One of the most controversial bills of this legislative session died on Tuesday after the Senate decided not to move forward with the House’s initial plan for the public employees’ retirement system (PERS).

House Bill 1590 would have restructured the 10-member board in charge of the government pension – which is currently made up  of the State Treasurer, the commissioner of revenue plus eight PERS participant members, both retirees and active employees, elected by PERS members.

Under the new structure proposed in HB 1590, the board would increase to 11 members, with four appointed by the governor, three by the lieutenant governor, one state employee elected by all current state employees, and one retiree elected by all PERS retirees. The commissioner of revenue and state treasurer would remain as board members.

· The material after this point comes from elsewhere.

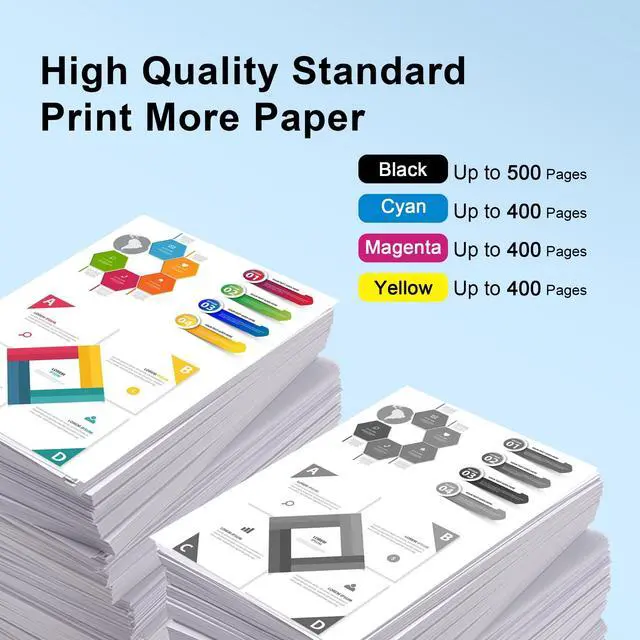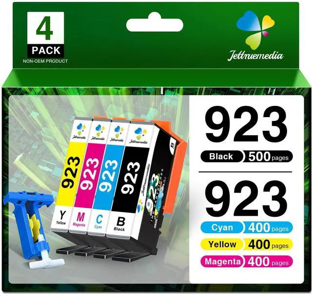 CHIPS) includes: 1* 923 Black Ink Cartridge, 1* 923 Cyan Ink Cartridge, 1* 923 Magenta Ink Cartridge, 1* 923 Yellow Ink Cartridge, 1* Chip Removal Tool, 1* Instruction manua. Each ink cartridge is packed in individual plastic bag and vacuum packed to avoid ink leakage. Because of different product batches, there may be two different versions of the outer packaging, but the quality of the product is the same. ^^ Page YieldUP to 500 pages for 923 black ink cartridge, and 400 pages for 923 color ink cartridge (Letter/A4, at 5% coverage). Exclusive formulated ink ensure the vivid color vibrancy and long-lasting sharp prints. Improve print quality and save printing costs. ^^ High QualityPlease feel free to contact Smartprint-US if there is any damage to the product, or if there are installation problems. Jettruemedia team provides 24 hours online technical support, Jettruemedia for free replacements or refund. Automatic invoice generation. Jettruemedia 923 ink cartridges certified by ISO 9001, ISO 4001, CE, RoHS, REACH, STMC.
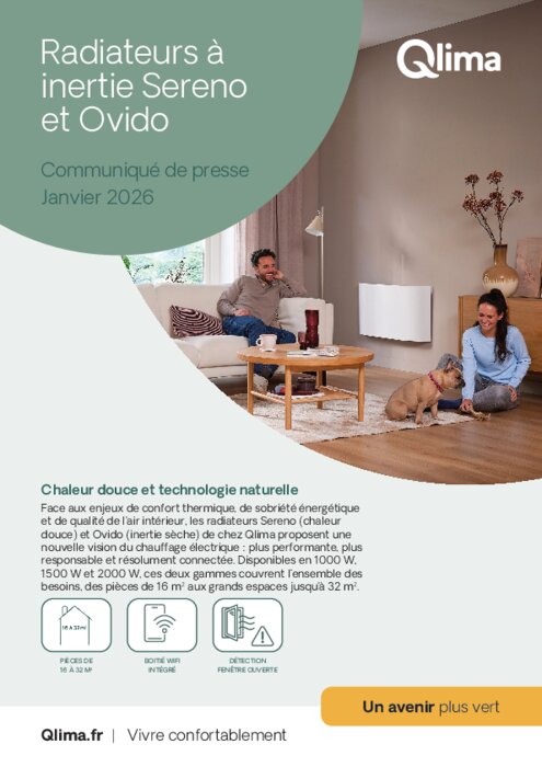 Face aux enjeux de confort thermique, de sobriété énergétique et de qualité de l’air intérieur, les radiateurs Sereno (chaleur douce) et Ovido (inertie sèche) de chez Qlima proposent une nouvelle vision du chauffage électrique : plus performante, plus responsable et résolument connectée. Disponibles en 1000 W, 1500 W et 2000 W, ces deux gammes couvrent l’ensemble des besoins, des pièces de 16 m² aux grands espaces jusqu’à 32 m².

On top of transitioning the board from a mostly elected structure to a mostly appointed body the bill aimed to block the enactment of a 2% increase in the amount governmental bodies contribute to the retirement system, previously authorized by the current PERS board in December 2022. Originally the increase was scheduled to go into effect October 1, 2023. The board delayed it until July 1, 2024. Now that the bill has died, it’s unclear if the board will either rescind or delay the increase. Many local leaders have expressed concerns about how they would cover the additional expense.

Sen. Chris Johnson, a Republican from Hattiesburg in charge of the Senate Government Structure Committee, told his peers that a board overhaul is not the solution to the looming PERS issue. Rather, he believes any issues within the board can be fixed with more sunlight.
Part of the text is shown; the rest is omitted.